Take the records below from their first line through the line holding "Tripp Lite DisplayPort", and set each of those lines down exactly, without pictures.

***** Dataset content *****

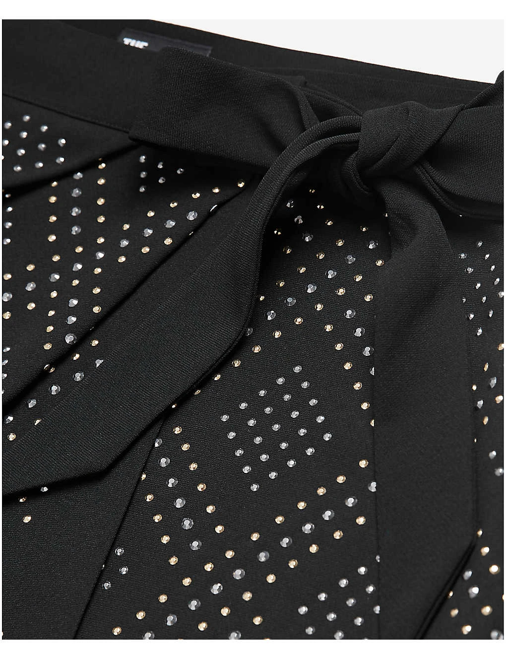 - Mid rise, rhinestone-embellished, mini silhouette, wrap front
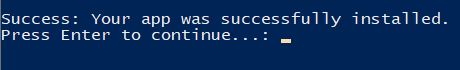 5. The installation is complete when you see the message: “Success: App installed successfully.”
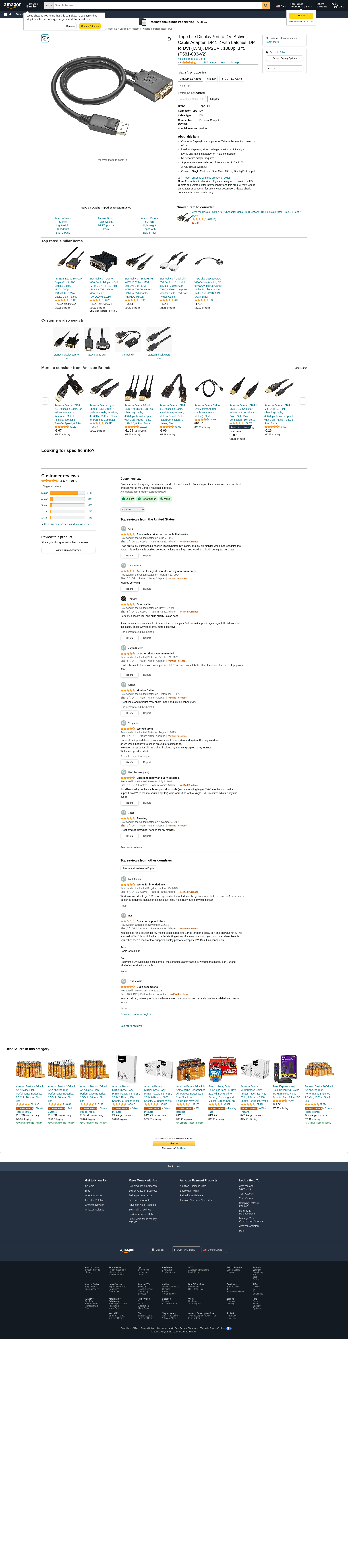 Tripp Lite DisplayPort to DVI Active Cable Adapter, DP 1.2 with Latches, DP to DVI (M/M), DP2DVI, 1080p, 3 ft. (P581-003-V2)
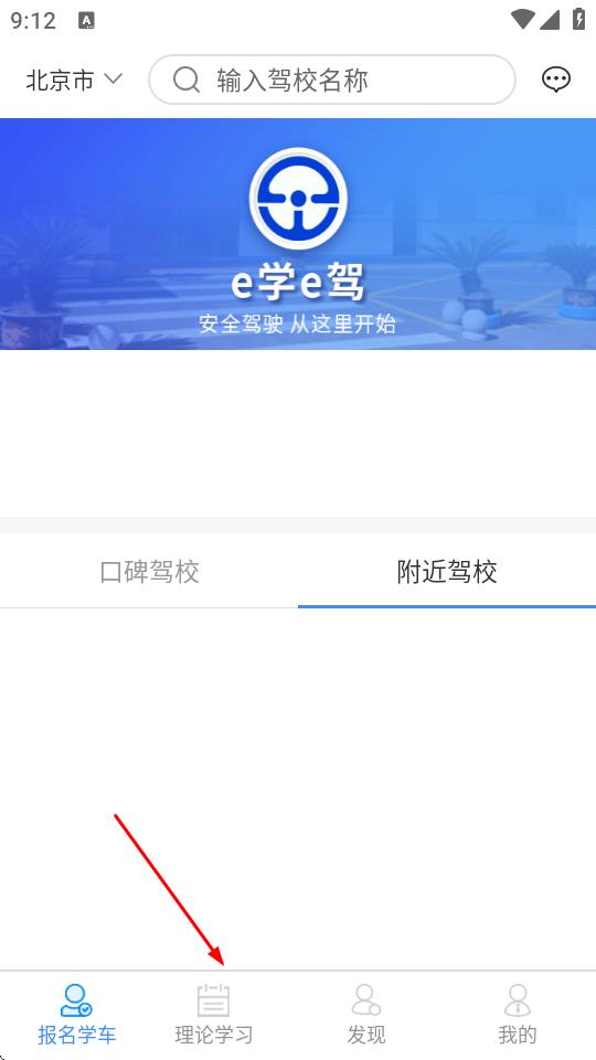 1、打開e學(xué)e駕APP,進入主界面,點擊底部導(dǎo)航欄中的理論學(xué)習(xí)選項。
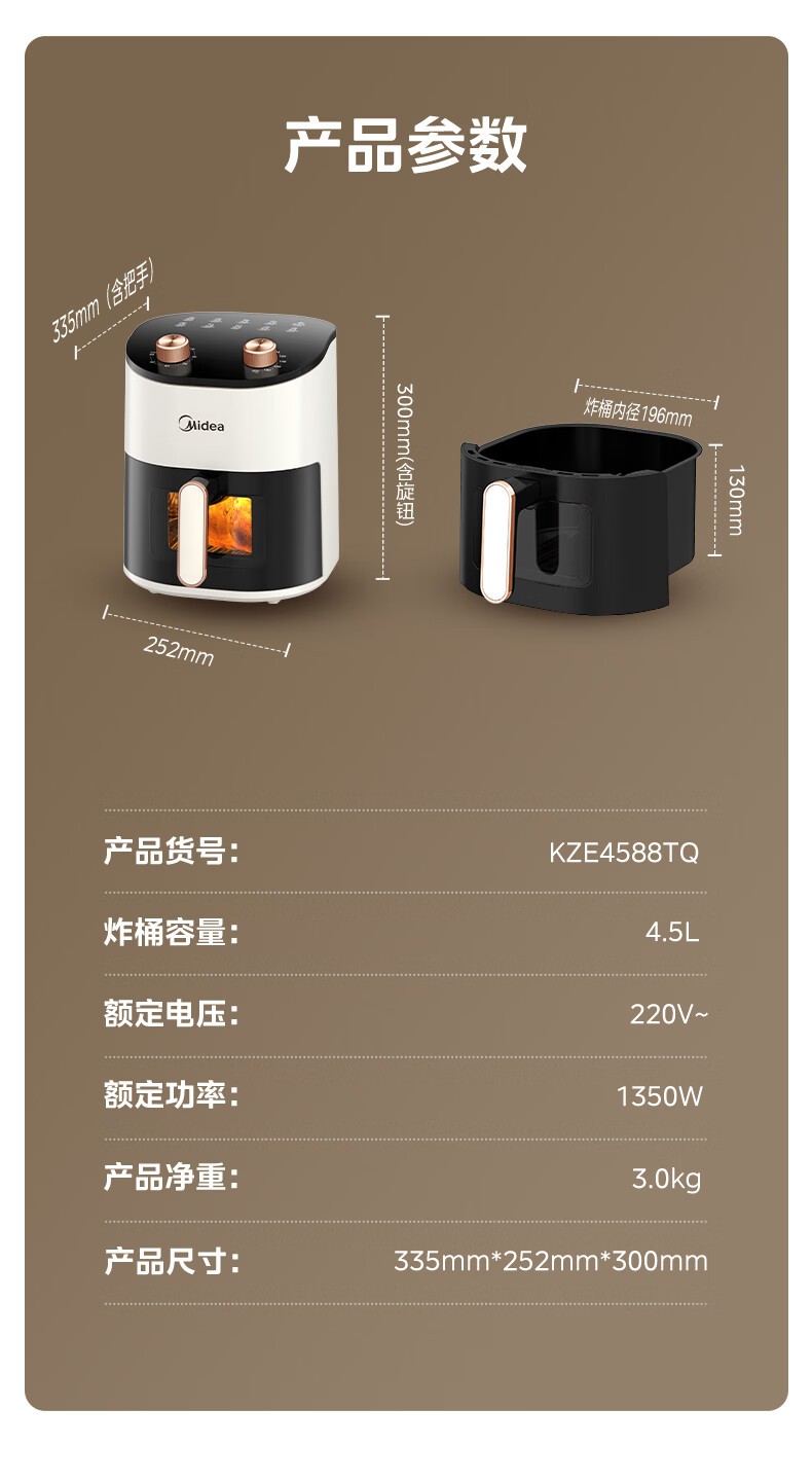商品名称:Midea/美的4.5升空气炸锅MF-KZE4588TQ

*****

Solution for this problem>
 - Mid rise, rhinestone-embellished, mini silhouette, wrap front
 5. The installation is complete when you see the message: “Success: App installed successfully.”
 Tripp Lite DisplayPort to DVI Active Cable Adapter, DP 1.2 with Latches, DP to DVI (M/M), DP2DVI, 1080p, 3 ft. (P581-003-V2)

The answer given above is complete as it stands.